# Male Wednesday Addams - Headless Toy?



## Michael_candles (May 25, 2020)

I will be dressing as a male/androgynous, flamboyant-goth version of Wednesday Addams this year. I want to incorporate some sort of headless toy into it. After all she always had her headless dolly! As I am doing a different version of the character, should I change up the doll too? Maybe a boy doll or even a teddy bear or something totally different. What do you all think?


----------



## Frankie's Girl (Aug 27, 2007)

I'd stay with the headless doll. If it has no head and will be androgynous, it won't matter if boy/girl doll the only way you can tell dolls are a boy or girl is by their hair or their clothing and you're removing the head and can control the clothing. You could glam it up a bit more - add some blingy clothing or something...

If I remember right, it was dressed the same as Wednesday was? Would be fun if you could match outfits!


----------



## RCIAG (Jul 19, 2010)

Yep, Wednesday's doll was dressed in the same outfit Wednesday was wearing so I'd keep with the headless doll theme & whatever doll you choose should match your outfit.


----------



## Michael_candles (May 25, 2020)




----------



## RCIAG (Jul 19, 2010)

OMG LOVE THE SHOES!! And the doll too! 

Now tell me about your jewelry it's hard to see in the pic. Are the earrings & necklace safety pins or something else?


----------



## Michael_candles (May 25, 2020)

Yes. They are safety pins. The earrings have little beads on them in a rainbow pattern.
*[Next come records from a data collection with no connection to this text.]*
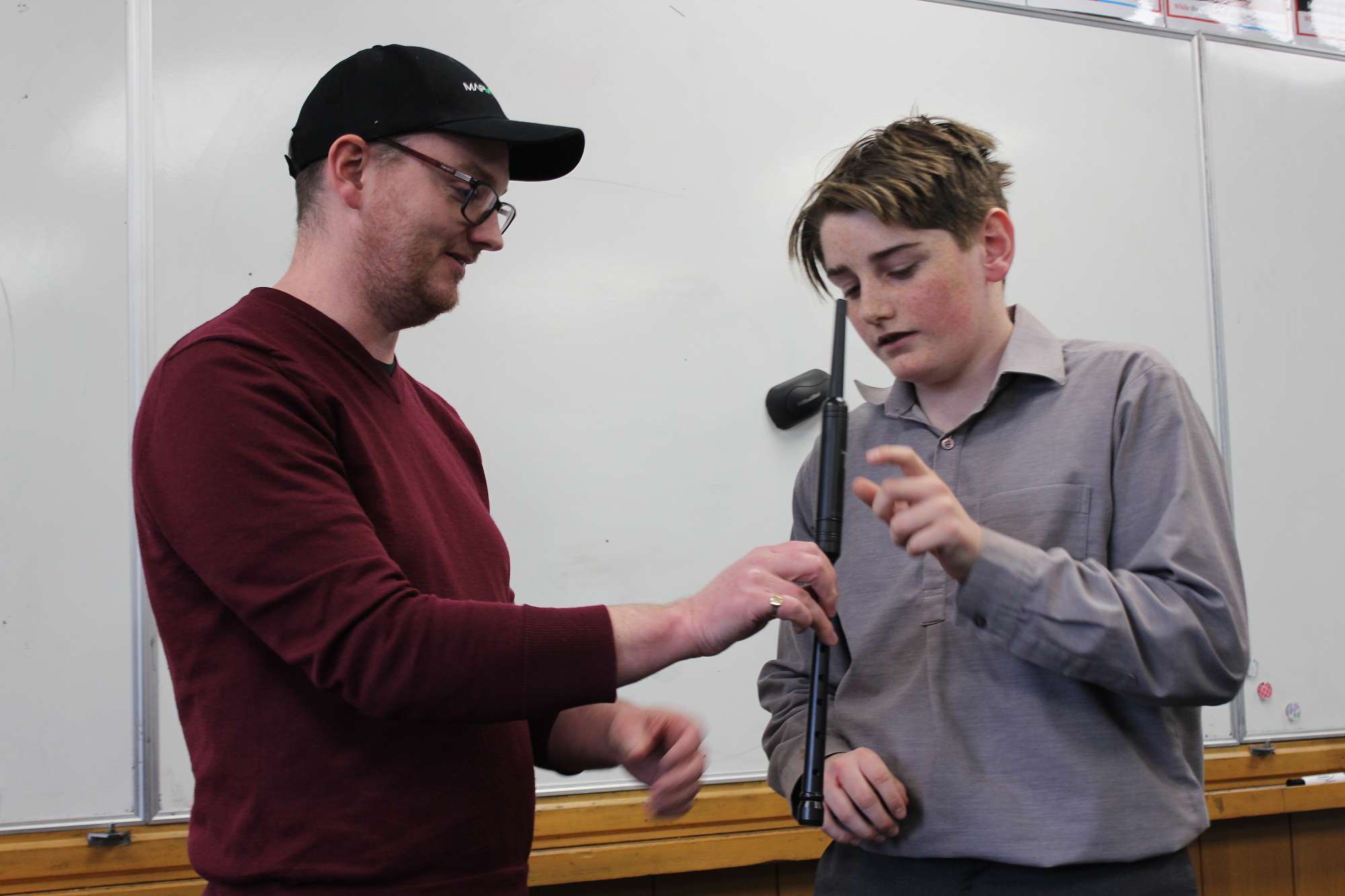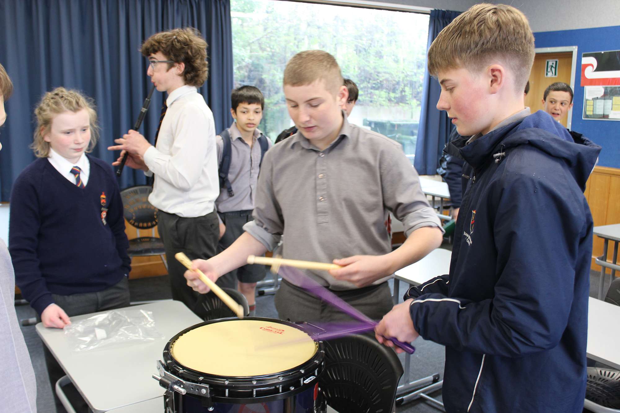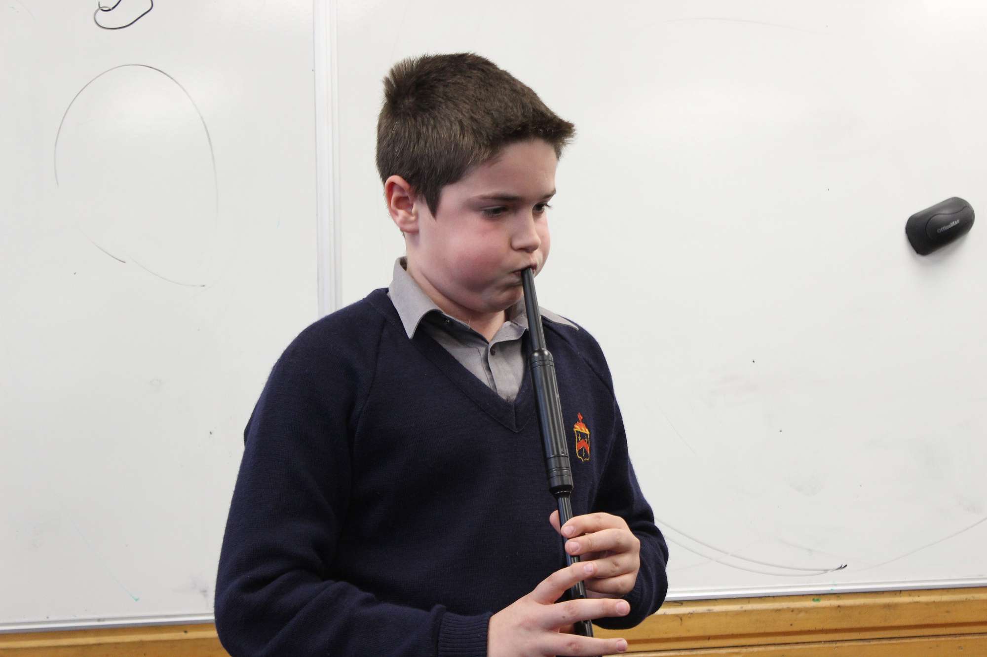 Sam gave a great demonstration, with Mr Hunter bringing along his box of chanters and drums so the boys could get hands on with the equipment.
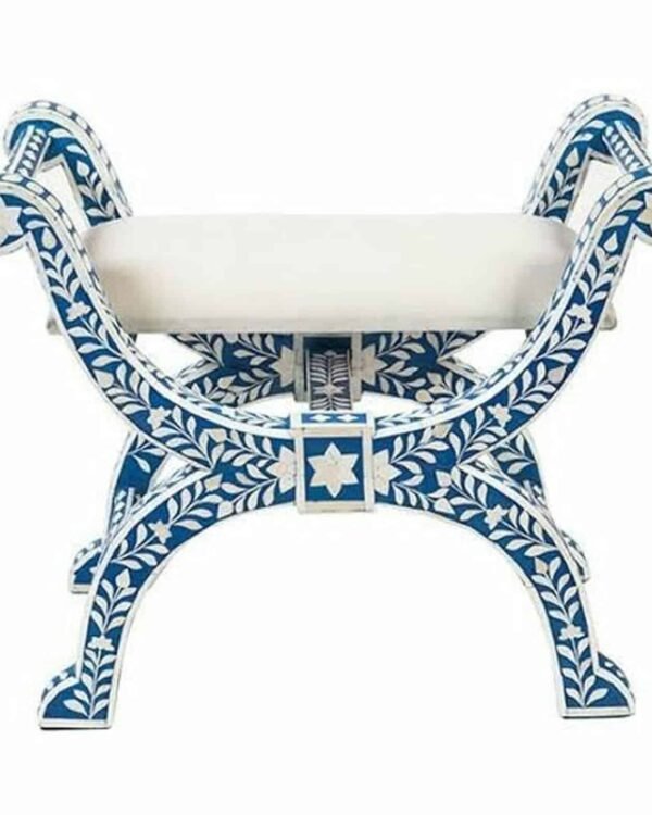 Floral Bone Inlay Ottoman / Roman Stool / Provincial Seating
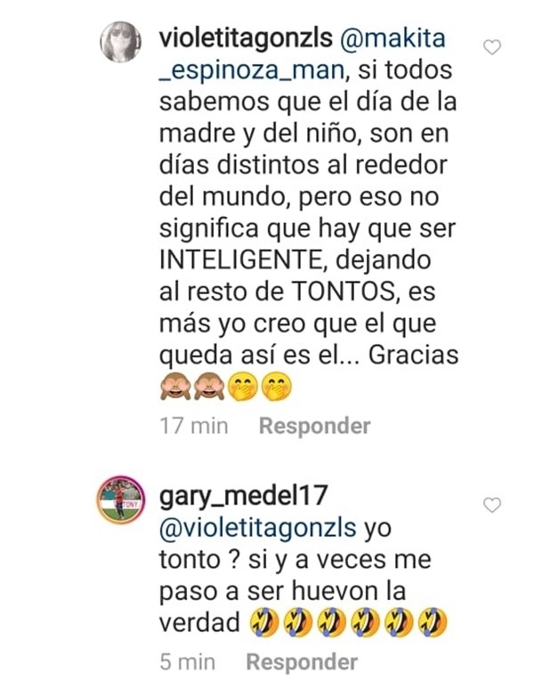 La reacción no cayó bien en varios seguidores. “Son días distintos alrededor del mundo, pero eso no significa que hay que ser inteligente, dejando al resto de tontos. Es más, yo creo que es él el que queda así”, replicó Violetita González.

And the button I am wearing says Gay and Spooky.


----------



## RCIAG (Jul 19, 2010)

This will date me but I used to wear safety pins as earrings back in the 80s, but especially during Spirit Week before Homecoming for "Punk Day." 

I remember it taking forever to get them through my holes from the back but it was a great look. It really freaked people out which I enjoyed immensely!


----------



## Michael_candles (May 25, 2020)

I bought these and the necklace from Hot Topic. They are actual earrings that have pins on them. (I know, I cheated)
The boots I had from when I did Abbey from NCIS a few years back. I ordered them online and don't remember where. 

My roommate (Pugsley) is wearing bloody cleaver earrings and a barbed wire necklace. I believe they were purchased at Spencer's Gifts.


----------